Its health care functions include: cleaning the stomach, preventing constipation and hemorrhoids; Help digestion; Can be used for preventing and treating cardiovascular diseases, such as hypertension, hyperlipidemia, arteriosclerosis and diabetes; Avoid all kinds of stones; Help the body eliminate toxins in time, prevent cancer and enhance the body's immunity. It can be said that it is a good health drink.
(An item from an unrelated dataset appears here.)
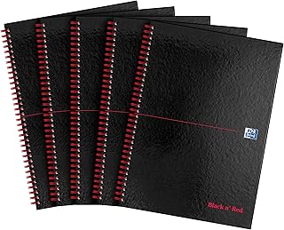 Oxford „Black n‘ Red“-Notizbuch, A4, Hardcover, Draht-gebunden 5er-Pack A4 schwarz/red
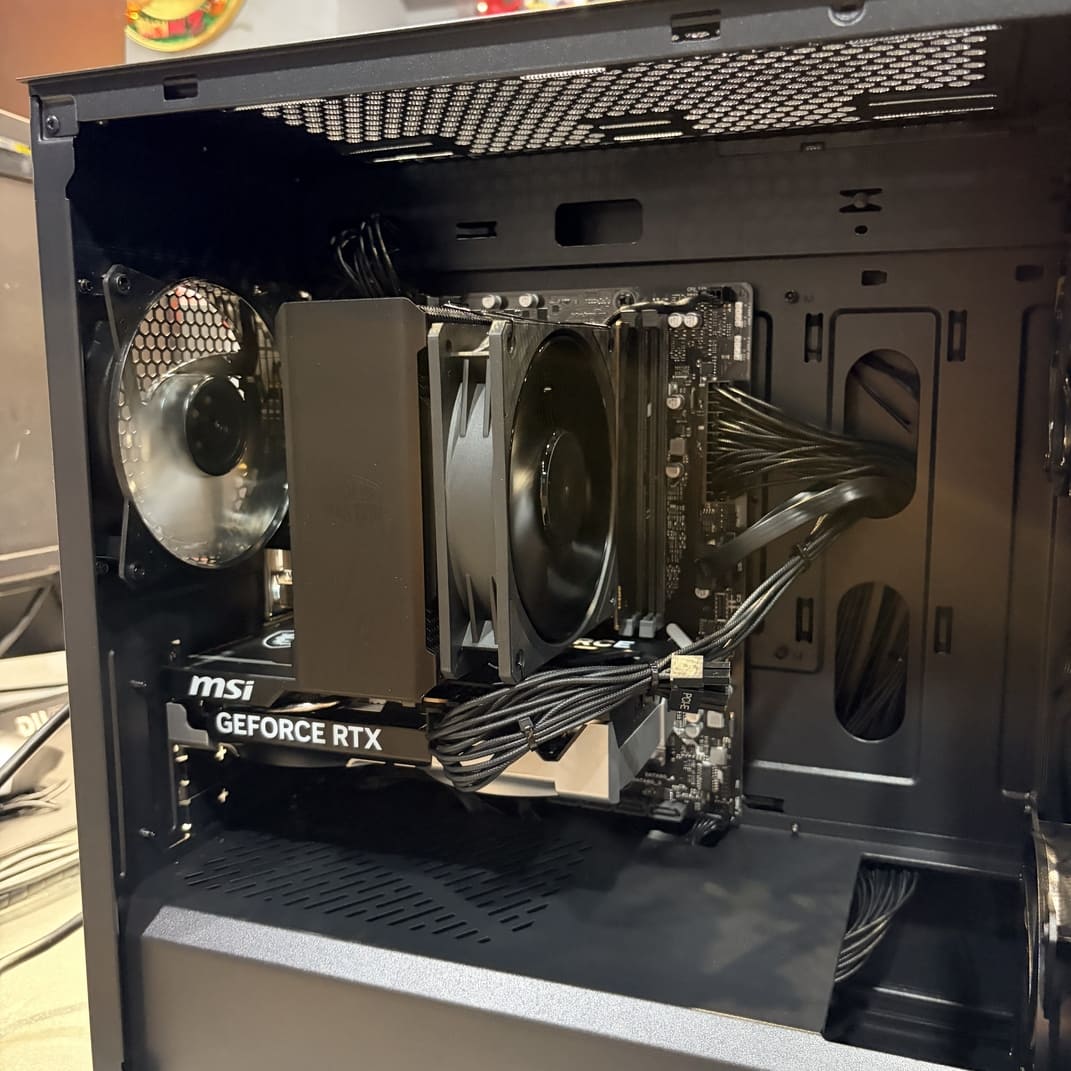 我們在安裝時特別注意了顯示卡與下方電源艙的間距,確保微星 RTX 5060 的雙風扇有足夠的呼吸空間。良好的空氣對流循環,代表著更好的散熱與更耐用的零件壽命。接下來你會看到移除側板後的內部清爽走線。

Although Kombucha has a long history in China, its scientific research started late. In 18+0, Fang, a famous microbiologist in China, published the article "What is a sea treasure" in the fifth issue of the Yellow Sea magazine, which is the first scientific paper on black tea fungus in China. In this paper, it is considered that the main microbial species of black tea fungus are acetic acid bacteria and yeast, and it is pointed out that there is more than one kind of acetic acid bacteria in black tea fungus, but it is mainly membrane vinegar bacteria. From the late 1970s to the early 1980s, kombucha beverage was very popular in China. A large number of articles introduced the efficacy and production methods of kombucha. From the early to the middle of the 20th century, some doctors and scholars have reported the role and function of black tea fungus in treating various diseases.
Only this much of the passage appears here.